Exhibit 1.02
TERMS AGREEMENT
July 8, 1997
Travelers Group Inc.
000 Xxxxxxxxx Xxxxxx
Xxx Xxxx, Xxx Xxxx 00000
Attention: Deputy Treasurer
Dear Sirs:
We, the undersigned, in our capacity as the several underwriters named
herein (the "Underwriters"), understand that Travelers Group Inc., a Delaware
corporation (the "Company"), proposes to sell 4,000,000 Depositary Shares (the
"Firm Securities"), each representing a 1/5th interest in a share of a series of
its 6.213% Cumulative Preferred Stock, Series G, par value $1.00 per share.

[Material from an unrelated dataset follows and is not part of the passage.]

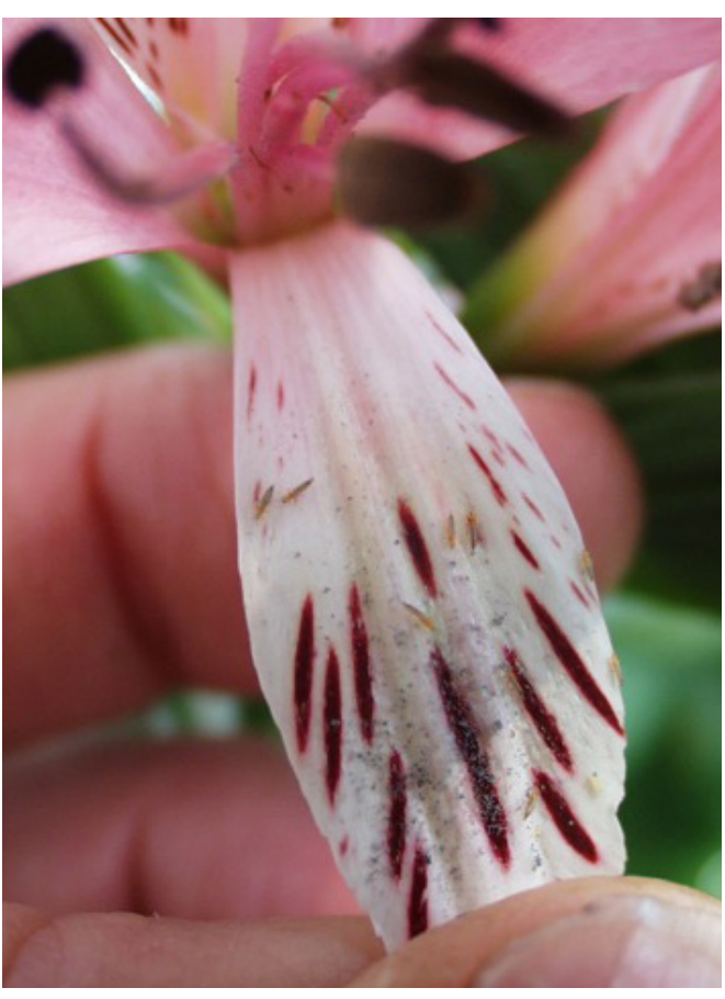
WFT on alstroemeria flower

Using insecticides. Give Conserve a rest if it's not working. Overture, Pylon and Hachi-Hachi are labeled only for indoor use and among the latest products showing good results against WFT. Caution: some plants are sensitive to Hachi-Hachi such as: poinsettia (bracts). impatiens (all types), salvia, gypsophila; petunia flowers; labels note temporary injury to ageratum, colocasia, geranium, lobelia, pansy (flowers), verbena, and vinca. Pylon is not for dianthus, kalanchoe, poinsettia, rose, salvia, or zinnia. Test new products first on any new plant. Mesurol, TriStar, Marathon/Discus (or generic), Avid (or generic), Safari, Flagship, Azatin (or other azadirachtin), Safari, Pedestal, DuraGuard, and M-Pede are other labeled options that may be useful particularly in tank mixes. (Note that some of the products listed above are not registered for use in all states.)

Subject to the terms and conditions set forth herein or incorporated
by reference herein, the Underwriters offer to purchase, severally and not
jointly, the number of shares of Firm Securities set forth opposite their
respective names on the list attached hereto at a purchase price of $49.00 per
share, plus accrued dividends, if any, from July 11, 1997 to the date of payment
and delivery.
The Depositary Shares will be issued by BankBoston N.A. (the
"Depositary") pursuant to the terms of a Deposit Agreement dated as of July 8,
1997 among the Company, BankBoston N.A., as Depositary, and the holders from
time to time of the Firm Securities.
The Firm Closing Date shall be July 11, 1997 at 10:30 A.M. New York
City time at the offices of the Company, 000 Xxxxxxxxx Xxxxxx, Xxx Xxxx, Xxx
Xxxx 00000.
The Underlying Preferred Shares shall have the following terms:
Title: 6.213% Cumulative Preferred Stock, Series G
Dividend Rate: 6.213% per annum
Dividend Payment
Dates: March 1, June 1, September 1 and December 1,
commencing September 1, 1997; dividends
accrue from July 11, 1997
Record Dates: As determined in advance by the Board of
Directors of the Company, to be not more than
60 days nor less than 10 days before the
respective Dividend Payment Date
Stated Value (per
Depositary Share): $50.00 per share
Liquidation Preference: $250.00 per share
Redemption
Provisions: The Underlying Preferred Shares may be
redeemed, at the option of the Company, on or
after July 11, 2007, in whole or in part,
upon not less than 30 days' nor more than 90
days' prior notice, at a redemption price of
$250.00 per share, plus accrued and
accumulated but unpaid dividends to but
excluding the redemption date. The
Underlying Preferred Shares shall not be
subject to any mandatory redemption, pursuant
to a sinking fund or otherwise.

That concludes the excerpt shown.